Positive developments south of the Sahara have made this possible. Attijariwafa chief executive Mohamed El Kettani told his bank’s annual Inter-national Africa Development Forum that the business upturn was possible because “increasingly African states have equipped themselves with structured sectorial visions and targeted investment projects […] giving more confidence to operators.” This mirrors Morocco’s experience following years of economic reform, as decades of IMF laissez-faire doctrine in Africa cedes way to more moderated views of industrial policy.
Back home, another Morocco exists, peopled by poor farmers and an increasingly urbanised underclass whose development indicators fall well short of international norms. The education system has created some impressive talents for the banks and corporations driving the ‘modern’ economy, but public education is seen by many to have failed the majority. In turn, this is undermining economic progress and building up a well of social discontent.
As Nadia Salah observed on 28 February in the business daily she created, L’Economiste, whereas in 1960 Morocco’s GDP per head was slightly higher than South Korea’s, “60 years later, every Korean is 10-times richer than every Moroccan.” And “driving this is education,” she points out.
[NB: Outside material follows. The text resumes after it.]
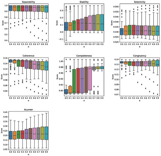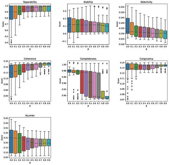 Figure 13 shows the influence of the time contribution, which is controlled by the factor . The factor being discussed shows a direct correlation with all proxies except completeness, selectivity, and acumen, which exhibit an inverse correlation. In general, it can be concluded that increasing the weight of the time dimension in Grad-CAM could be beneficial for explainability in time-series for RUL.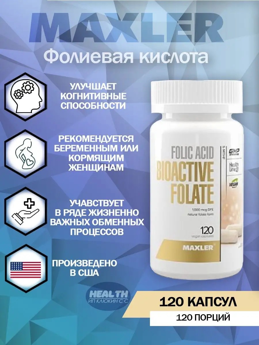 Maxler Фолиевая кислота Bioactive Folate 1000 мкг, 120 капсул – биологически активная добавка, способствующая здоровому росту и развитию клеток.

Moroccan state schools have been a political football, first for the left and then for Islamist parties.
A recent study found that teachers were on average absent for a third of their working hours. It is no wonder that parents have opted for private education, if they can afford it. In disadvantaged areas, illiteracy levels remain shockingly high – pointing to severe urban-rural and gender divides.
A strong and focused state can play a critical role in driving policy, supported by a profitable and job-creating private sector. But state domination can also stunt public life and individual initiative. Activist Anouar Zyne recently left a traditional political party, the Union Constitutionnelle, to found a citizen movement, #Changer. The movement is dedicated to encouraging grassroots activity – calling on communities, led if necessary by a handful of individuals, to engage with and lobby local and national authorities.
Moroccans “are children of the state” in a system where daily disputes were settled traditionally by a moqadem (a public functionary) rather than by the legal system, Zyne argues. A shift in culture could drive another stage in Morocco’s social development, which might also unleash the kingdom’s undoubted entrepreneurial flair further down the social chain.
Neither tajines nor kefta nor shiny projects mean a strong market has emerged. Internal political conflicts are a cause for concern and persistent social disparities plague many Moroccans. But the kingdom is on the move, with consequences that will be felt far beyond its borders.